“Hum! hum!” (the blackness of this man’s heart revolted me). “There is no seductive shape that the tempter does not assume, my child. Wit in itself is not to be condemned, although the Church shuns it as far as she is concerned, looking upon it as a worldly ornament; but it may become dangerous, it may be reckoned a veritable pest when it tends to weaken faith. Faith, which is to the soul, I hardly need tell you, what the bloom is to the peach, and—if I may so express myself, what the—dew is—to the flower—hum, hum! Go on, my child.”
“But, father, when my husband has disturbed me for a moment, I soon repent of it. He has hardly gone before I pray for him.”
“Good, very good.”
“I have sewn a blessed medal up in his overcoat.” This was said more boldly, though still with some timidity.

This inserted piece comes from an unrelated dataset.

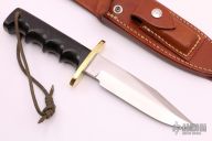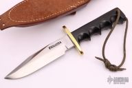 This Model 15 Airman by Randall Made Knives features a clip point blade with a sharpened top edge, .234" stock. 1.300" blade depth. Sharpened top edge, full tang construction. The handle has black linen micarta handle with finger grips and a brass guard. The Model 15 is designed especially for heavy-duty use and to be as nearly indestructible as possible. Comes with a brown leather sheath. Excellent condition.

“And have you noticed any result?”
“In certain things he is better, yes, father, but as regards abstinence he is still intractable,” she said with embarrassment.
“Do not be discouraged. We are in the holy period of Lent. Make use of pious subterfuges, prepare him some admissible viands, but pleasant to the taste.”
“Yes, father, I have thought of that. The day before yesterday I gave him one of these salmon pasties that resemble ham.”
“Yes, yes, I know them. Well?”
“Well, he ate the salmon, but he had a cutlet cooked afterward.”
“Deplorable!” I exclaimed, almost in spite of myself, so excessive did the perversity of this man seem to me. “Patience, my child, offer up to Heaven the sufferings which your husband’s impiety causes you, and remember that your efforts will be set down to you. You have nothing more to tell me?”
“No, father.”
“Collect yourself, then. I will give you absolution.”
The dear soul sighed as she joined her two little hands.
Hardly had my penitent risen to withdraw when I abruptly closed my little shutter and took a long pinch of snuff—snuff-takers know how much a pinch soothes the mind—then having thanked God rapidly, I drew from the pocket of my cassock my good old watch, and found that it was earlier than I thought. The darkness of the chapel had deceived me, and my stomach had shared my error. I was hungry. I banished these carnal preoccupations from my mind, and after shaking my hands, on which some grains of snuff had fallen, I slackened one of my braces that was pressing a little on one shoulder, and opened my wicket.
“Well, Madame, people should be more careful,” said the penitent on my left, addressing a lady of whom I could only see a bonnet-ribbon; “it is excusable.”
My penitent’s voice, which was very irritated, though restrained by respect for the locality, softened as if by magic at the creaking of my wicket. She knelt down, piously folded her two ungloved hands, plump, perfumed, rosy, laden with rings—but let that pass. I seemed to recognize the hands of the Countess de B., a chosen soul, whom I had the honor to visit frequently, especially on Saturday, when there is always a place laid for me at her table.